_AIM OF THE TASK_
Begin at the line below that has "De set bevat". Stop after the line that has "- 상위 단계의 스키마", repeating each line exactly and leaving out the pictures.

_SOURCE INFORMATION_
Segment Open

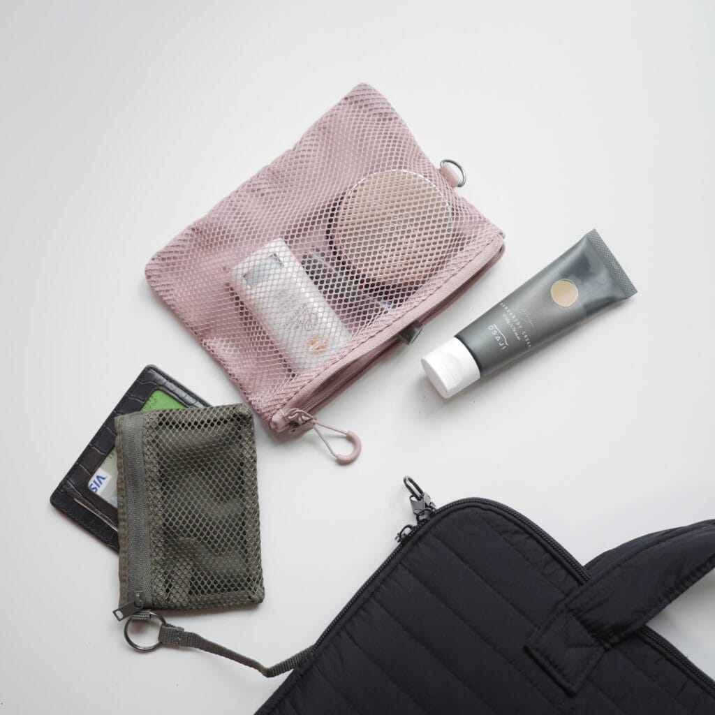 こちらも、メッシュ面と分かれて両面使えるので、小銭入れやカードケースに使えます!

Segment Closed
Segment Open

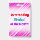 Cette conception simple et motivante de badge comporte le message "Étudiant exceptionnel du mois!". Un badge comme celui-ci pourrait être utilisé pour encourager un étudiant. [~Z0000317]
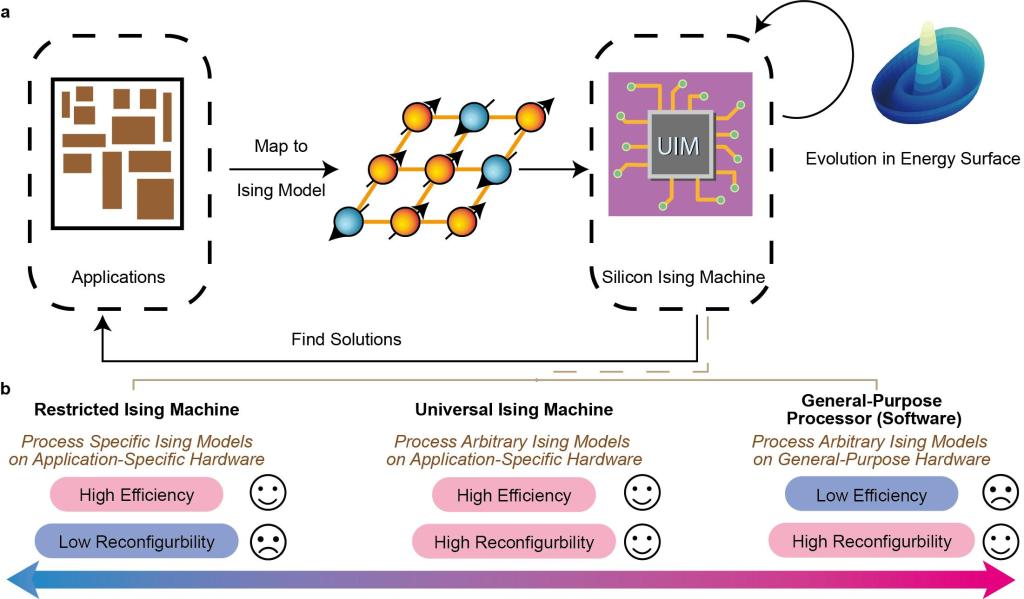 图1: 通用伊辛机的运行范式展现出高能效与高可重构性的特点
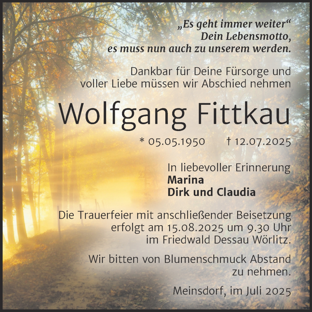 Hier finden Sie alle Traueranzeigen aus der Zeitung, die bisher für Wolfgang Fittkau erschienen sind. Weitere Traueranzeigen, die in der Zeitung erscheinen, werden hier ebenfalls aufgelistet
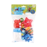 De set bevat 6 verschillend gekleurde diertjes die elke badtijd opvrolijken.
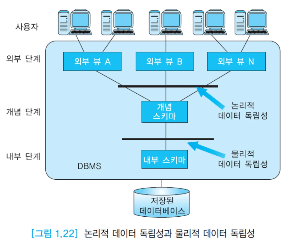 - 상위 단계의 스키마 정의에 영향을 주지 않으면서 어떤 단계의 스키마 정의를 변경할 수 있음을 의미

Segment Closed
Segment Open

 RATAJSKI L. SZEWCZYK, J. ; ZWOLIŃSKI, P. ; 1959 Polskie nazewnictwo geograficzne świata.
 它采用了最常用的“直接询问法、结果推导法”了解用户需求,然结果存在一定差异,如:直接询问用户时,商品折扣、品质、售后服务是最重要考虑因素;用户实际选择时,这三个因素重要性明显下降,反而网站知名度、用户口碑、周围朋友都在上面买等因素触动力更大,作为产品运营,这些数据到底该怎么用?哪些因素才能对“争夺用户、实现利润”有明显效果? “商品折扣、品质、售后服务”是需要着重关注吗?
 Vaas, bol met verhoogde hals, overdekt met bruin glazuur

Segment Closed

_EXERCISE ANSWER_
 De set bevat 6 verschillend gekleurde diertjes die elke badtijd opvrolijken.
 - 상위 단계의 스키마 정의에 영향을 주지 않으면서 어떤 단계의 스키마 정의를 변경할 수 있음을 의미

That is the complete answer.